* WORK ORDER
With the pictures left aside, write out exactly the lines of the listing below from the line with "Il corpetto bianco" to the line with "- Cogemos una", both included, and only those.

* DATA RECORDS
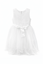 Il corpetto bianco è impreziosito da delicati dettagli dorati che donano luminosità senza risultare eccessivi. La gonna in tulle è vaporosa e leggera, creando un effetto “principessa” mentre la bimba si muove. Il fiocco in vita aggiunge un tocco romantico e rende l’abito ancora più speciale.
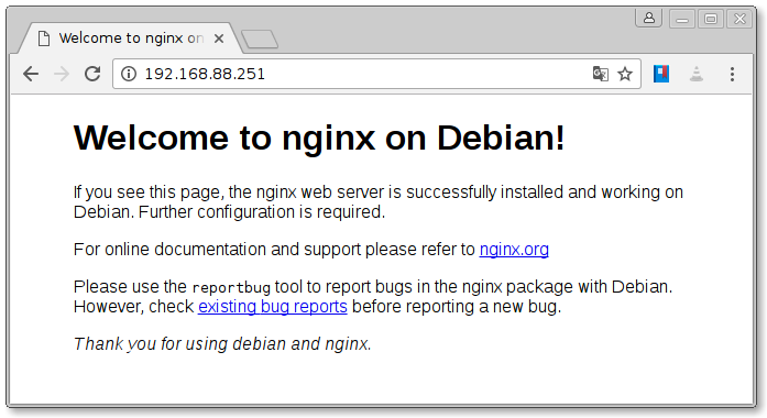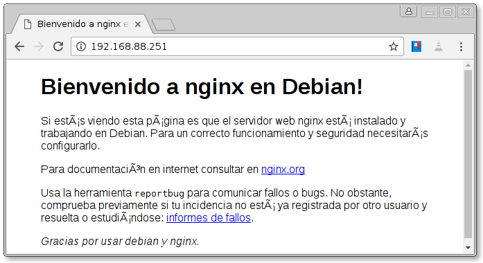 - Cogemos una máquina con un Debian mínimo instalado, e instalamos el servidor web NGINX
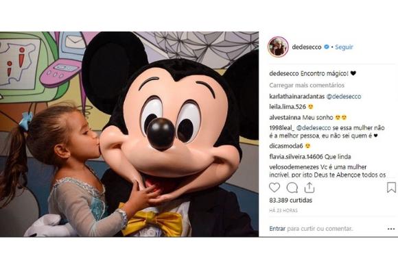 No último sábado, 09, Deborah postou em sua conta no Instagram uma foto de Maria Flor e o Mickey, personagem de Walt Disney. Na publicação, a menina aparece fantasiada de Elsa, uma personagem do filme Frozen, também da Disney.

...

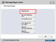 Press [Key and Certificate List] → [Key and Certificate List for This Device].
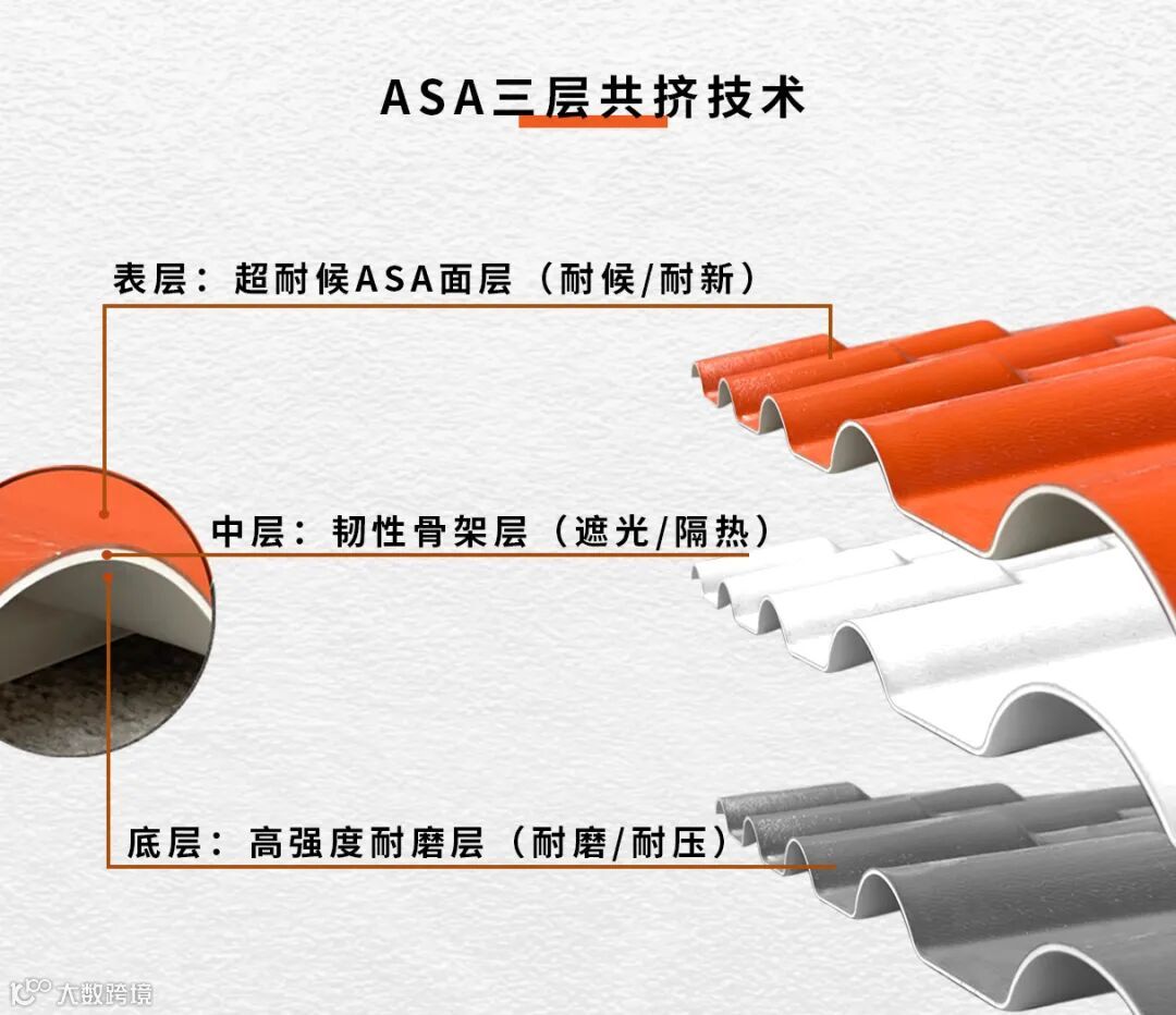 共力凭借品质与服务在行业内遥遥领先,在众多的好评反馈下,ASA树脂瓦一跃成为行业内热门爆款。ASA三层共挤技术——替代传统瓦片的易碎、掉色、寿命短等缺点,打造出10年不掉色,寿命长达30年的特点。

* EXERCISE RESPONSE
 Il corpetto bianco è impreziosito da delicati dettagli dorati che donano luminosità senza risultare eccessivi. La gonna in tulle è vaporosa e leggera, creando un effetto “principessa” mentre la bimba si muove. Il fiocco in vita aggiunge un tocco romantico e rende l’abito ancora più speciale.
 - Cogemos una máquina con un Debian mínimo instalado, e instalamos el servidor web NGINX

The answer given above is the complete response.